- Location: Mackinac County, Michigan
- Coordinates: 45°52′41″N 84°45′25″W﻿ / ﻿45.878°N 84.757°W
- Type: Lake
- Primary outflows: Moran River
- Basin countries: United States
- Surface elevation: 600 ft (180 m)

= Chain Lake (Michigan) =

Lake in Mackinac County, Michigan, U.S.

Chain Lake is a large pond or small lake in Mackinac County near St. Ignace in the U.S. state of Michigan at an elevation of 600 ft. The lake is served by Interstate 75, which provides a rest area and lake overlook for southbound drivers at mile 346. The lake is also served by the North Country Trail, running in concurrence with the St.
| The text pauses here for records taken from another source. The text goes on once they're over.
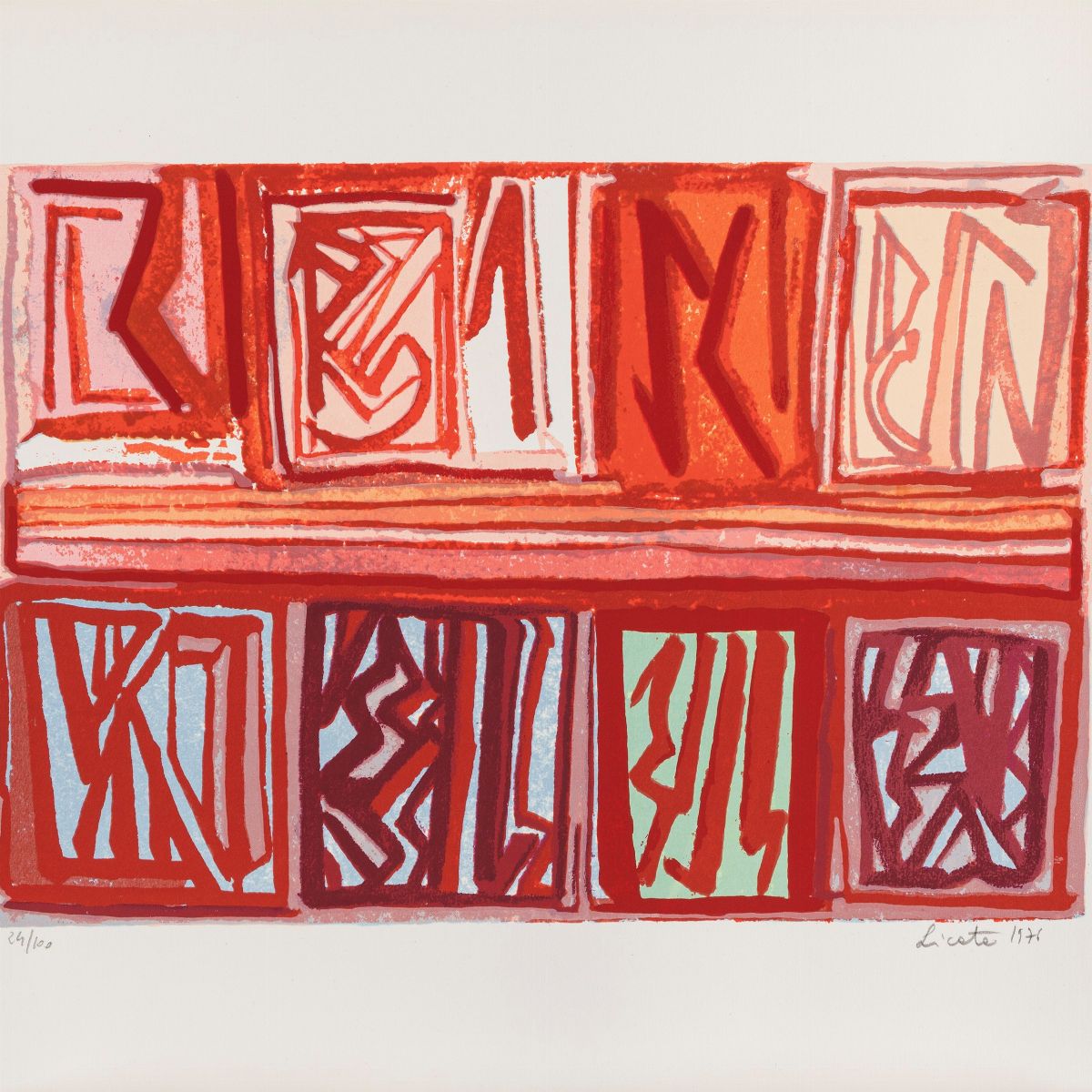 lot of 05 silk-screens on paper and wooden case with engraved and screen printed aluminum plate, ed.
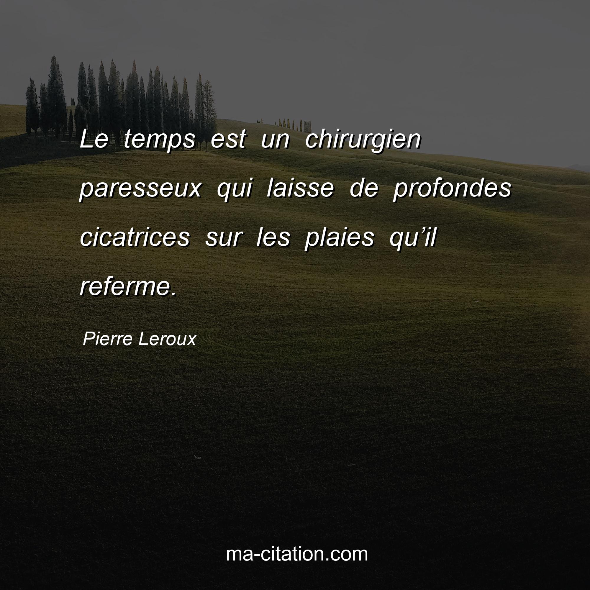 Pierre Leroux est l'auteur de la citation sur la vie "Le temps est un chirurgien paresseux qui laisse de profondes cicatrices sur les plaies qu’il referme.".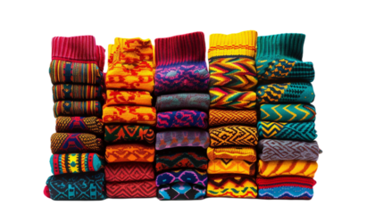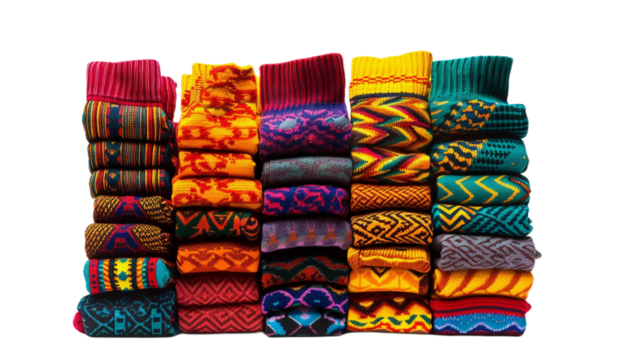 Colorful Patterned Socks Bundle on the Transparent Background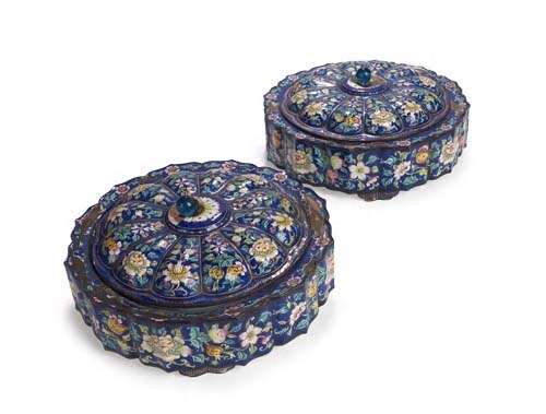 A pair of 19th century enamel boxes and covers,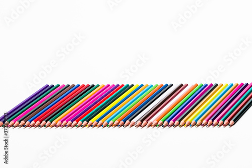 Craft and Creativity Ideas. Set of Various Colorful Pencils Placed Together in Row. Isolated Against White
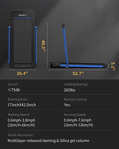 2.5HP Powerful Motor: With a powerful 2.5HP motor offering large load-bearing ability up to 265 lbs. The sturdy running machine allows you to run up to 7.6MPH with frame up and walk up to 3.8MPH under desk by the Remote Control.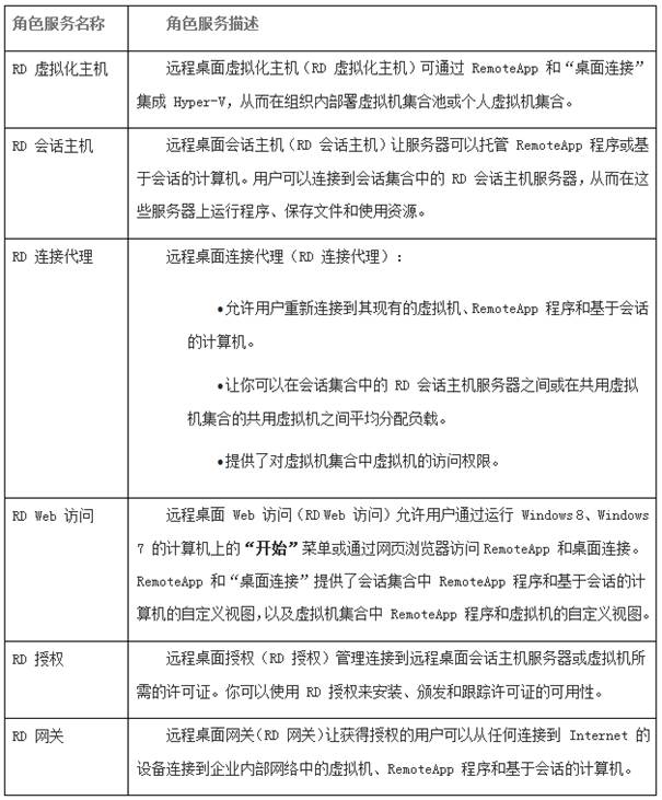 远程桌面服务是一项由若干角色服务组成的服务器角色。在 Windows Server 2012 中,远程桌面服务包含以下角色服务: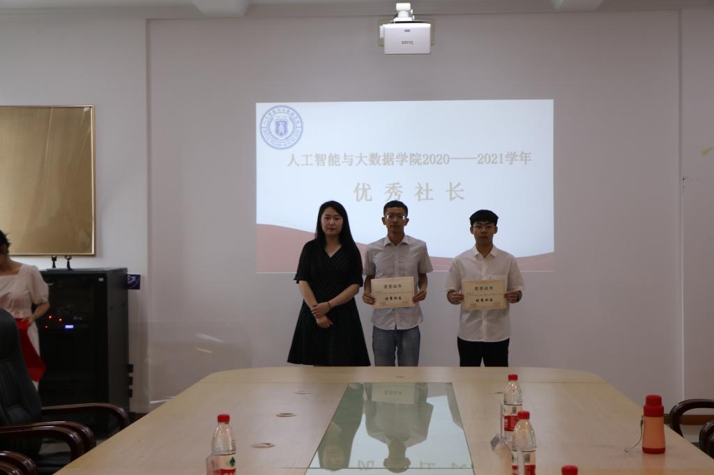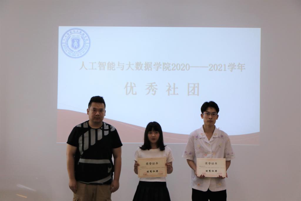 大会开始,首先由白锐老师宣读了《公司关于表彰2020-2021学年专业社团优秀社团、优秀指导老师、优秀社长的决定》,并为智数科技社团和千贝软件社团颁发优秀社团证书。

Ignace-Trout Lake Trail. This trail uses the right-of-way abandoned by a spur line of the Duluth, South Shore and Atlantic Railway, a logging-era railroad that helped remove most of the old-growth timber from around the lake. Second-growth woodland surrounding the small sheet of water is owned by the private sector and by Hiawatha National Forest.

The lake is noted for rock bass, bullhead, sunfish, sucker, largemouth bass, perch, and northern pike. In winter seasons with suitable weather conditions it can be used to play pond hockey. It may be named for being part of a "chain" of streams and lakes that offered alternative canoe passage from St. Ignace westward. Although the eastern tip of the lake is less than 1 mile from Lake Huron, it drains down the Moran River and through Freschette Lake into West Moran Bay in Lake Michigan.